Because I’m going to create vector indexes for this table in a subsequent post, I explicitly created the P_VEC column as VECTOR(384,FLOAT32) to match the format of the vectors generated by the ALL_MINILM_L12_V2 ONNX model. What that means is that each vector column is 384*4=1536 bytes plus overhead. At most about 640 vectors will reside in an HCC compression unit (CU), and unless the PARTS data has a very high amount of duplicate data, the number of identical vectors in the dataset will be somewhat low, and therefore limiting the amount of compression that will occur on a VECTOR column of type FLOAT32 with that many dimensions.

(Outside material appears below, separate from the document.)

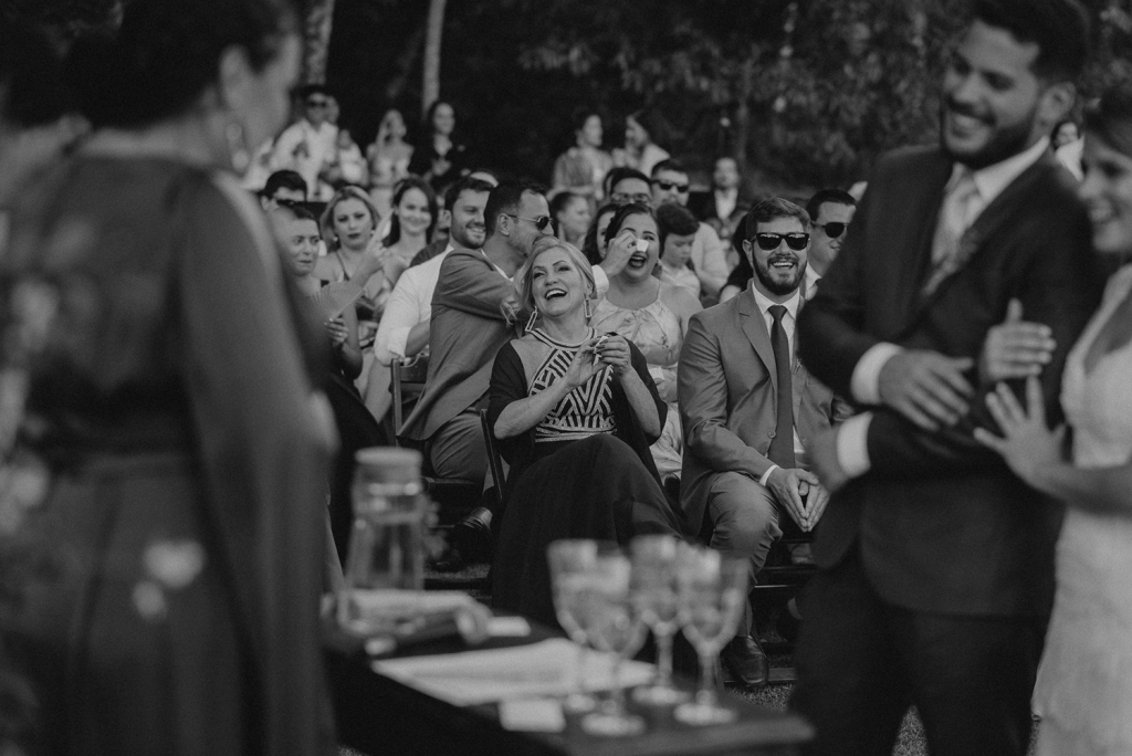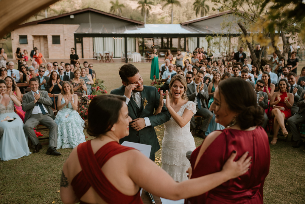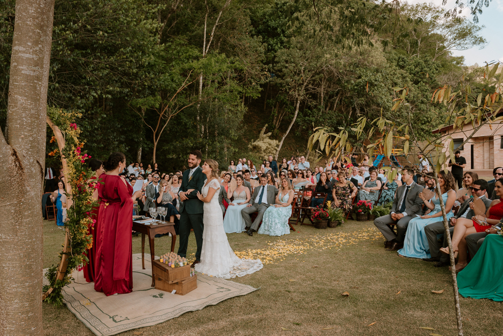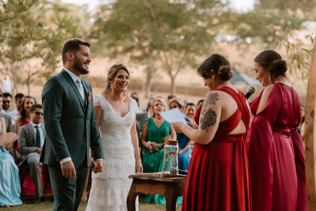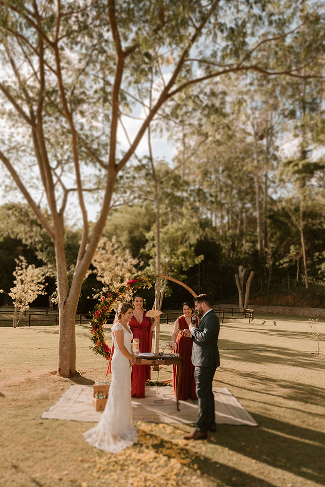 As celebrantes foram duas amigas queridas nossas. Também indico muito que casais que querem uma cerimônia mais pessoal escolham amigos próximos para celebrar!”.

Conclusions and Next Steps
Augmenting business data with vector columns for similarity searches has many uses, but don’t expect Exadata HCC compression to save storage on dense embedding columns. However, will Exadata smart scans kick in when using these VECTOR columns in a WHERE clause? In addition, will either type of vector index (HNSW or IVF) benefit from Exadata features? I’ll explore these two questions in subsequent posts.